Words with higher surprisal elicited more negative EEG response in the 300–600 ms time window especially in central–parietal areas. No other time window was significantly sensitive to surprisal (see plots in electronic supplementary material). As a result, we focused on the 300–600 ms time window in our subsequent analyses in both studies (analysis of experiment 2 yielded approximately the same window; see electronic supplementary material).

(b) . Are multimodal cues central to language processing?

To assess this question, we first focus on the main effects of the multimodal cues and their interaction with surprisal as predictors of N400 amplitude. Only replicable results are reported here and below (see full results in electronic supplementary material).

We found a main effect of pitch prosody (mean F0, figure 2; experiment 1: β = 0.011, p < 0.001; experiment 2: β = 0.014, p < 0.001). Here and below, because all variables were standardised, a unit change in the IV corresponds to a unit change in β, thus representing effect sizes, although the values may not be directly comparable with Cohen's D. Words with higher pitch prosody showed less negative EEG, or smaller N400 amplitude. The interaction between surprisal and pitch prosody (experiment 1: β = 0.022, p < 0.001; experiment 2: β = 0.012, p < 0.001, accounting for 12% N400 change) indicates that pitch prosody modulates the N400 response associated with surprisal: high surprisal words showed a larger reduction of N400 amplitude when the pitch prosody was higher, in comparison to low surprisal words.

Figure 2.

Figure 2.

Prosodic accentuation (mean F0) modulation of N400 amplitude. (a) Main effect of prosodic accentuation. (b) Interaction between prosodic accentuation and surprisal. Plots depict the predicted value of the mean amplitude of the ERP within 300–600 ms (grey areas = confidence intervals). All following conventions are the same. (Online version in colour.)

Meaningful gestures showed similar effects (figure 3). Words accompanied by a meaningful gesture showed a significantly less negative N400 (experiment 1: β = 0.006, p < 0.001; experiment 2: β = 0.007, p < 0.001) and high surprisal words elicited a larger reduction of N400 amplitude when meaningful gestures were present, in comparison to low surprisal words (experiment 1: β = 0.007, p < 0.001; experiment 2: β = 0.011, p < 0.001).

Figure 3.

Figure 3.

Meaningful gesture modulation of N400 amplitude. (a) Main effect of meaningful gestures. (b) Interaction between meaningful gestures and surprisal. (Online version in colour.)

By contrast, we found a significant negative main effect of beat gestures (figure 4; experiment 1: β = −0.004, p = 0.001, accounting for 5% N400 change; experiment 2: β = −0.006, p = 0.001, accounting for 6% N400 change): words accompanied by beat gestures elicited a more negative N400. Moreover, high surprisal words accompanied by beat gestures showed even more negative N400 compared with low surprisal words (experiment 1: β = −0.009, p < 0.001, accounting for 12% N400 change; experiment 2: β = − 0.010, p < 0.001, accounting for 10% N400 change).

Figure 4.

Figure 4.

Beat gesture modulation of N400 amplitude.
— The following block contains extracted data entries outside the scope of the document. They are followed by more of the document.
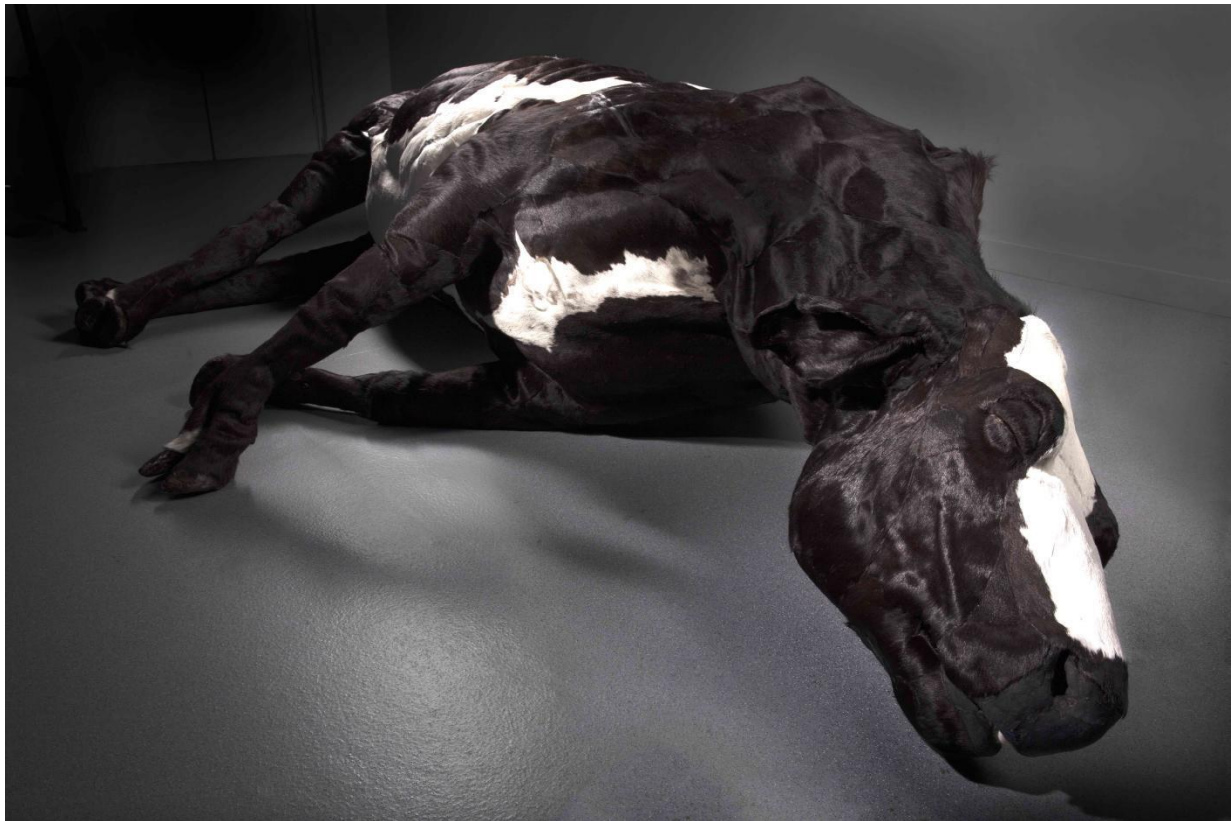
Abigail Norris, Cow (Awaytn the Sāwol) , 2022, reclaimed floor rugs, domestic materials, 85 X 288 X 215 cm.

The Brink is an expansive exhibition of 21 artists, both established and early-career, whose works range sculpture, installation, painting, and performance, all set within the space of a formerly dilapidated tannery.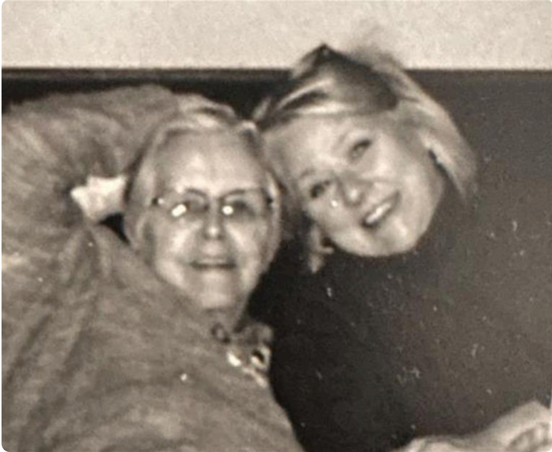
My favorite pic of the two of us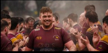
Smile at the End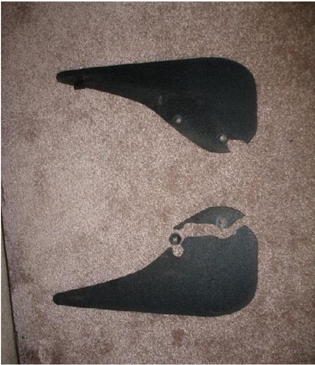
Front flaps after less than 4 months and 900 miles.

I wasted over $60 buying the Stealth mud flaps from RPI Designs. They are made from cheap crap plastic which fell apart in less than 4 months. The rear flaps attach in a retarded way, and I decided not to replace them. The front flaps use 2 existing screws to mount, and are much stronger.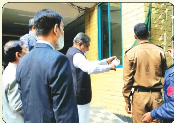
Victory day celebration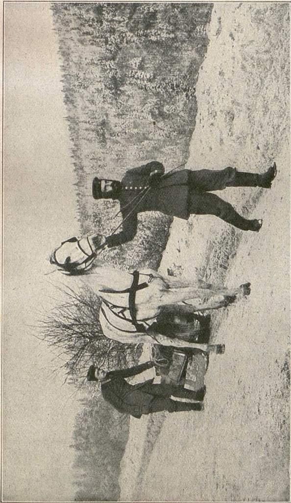
Die deutsche Feldpost wird auf Schlitten nach dem Dufkapaß befördert.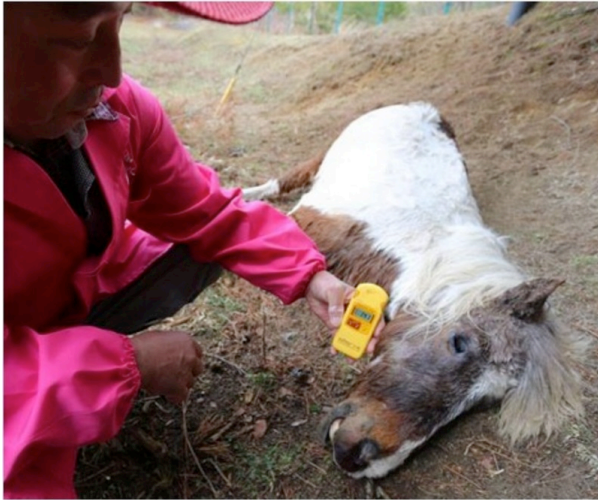
A dead horse at the Hosokawa ranch, 2013

earthworms, leaves and soil from the same area. 52 People are still growing rice in these areas, and are also returning to them. In early July 2013, moss on the roof of a building in Fukushima city 50kms from the NPP returned extremely high Cs137 concentration (1,785,216 Bq/Kg). 53

Main effect of beat gestures. (b) Interaction between beat gestures and surprisal. (Online version in colour.)

(c) . What are the dynamics of multimodal cue processing?

We found significant interactions between multimodal cues (figure 5). First, we saw an interaction between pitch prosody (mean F0) and meaningful gesture: words accompanied by meaningful gestures elicited even less negative N400 amplitude if their pitch prosody was higher (experiment 1: β = 0.005, p < 0.001, accounting for 4% N400 change; experiment 2: β = 0.005, p < 0.001). Second, the interactions between mouth informativeness and meaningful gesture (experiment 1: β = 0.004, p = 0.002; experiment 2: β = 0.007, p < 0.001) and between mouth informativeness and beat gesture (experiment 1: β = 0.012, p < 0.001; experiment 2: β = 0.004, p = 0.001) were also significant. Words with more informative mouth movement elicited less negative N400 when accompanied by either meaningful or beat gestures.

Figure 5.

Figure 5.

Interactions between multimodal cues. (a) Interaction between prosodic accentuation and meaningful gestures. (b) Interaction between meaningful gestures and mouth informativeness. (c) Interaction beat gestures and mouth informativeness. (Online version in colour.)

4. Discussion

We investigated for the first time the electrophysiological correlates of real-world multimodal language comprehension tracking the online processing as indexed by N400 amplitude. In real-world comprehension, listeners have access to gesture, prosody and mouth movements. In contrast to previous studies that never used stimuli where all multimodal cues are present, we used (semi)naturalistic stimuli that did not break the naturally occurring correlations among multimodal cues. With these materials, we confirmed the N400 as a biomarker of prediction during naturalistic audiovisual language comprehension: high surprisal words elicited a more negative N400 300–600 ms post-stimulus, strongest in the central-posterior electrodes.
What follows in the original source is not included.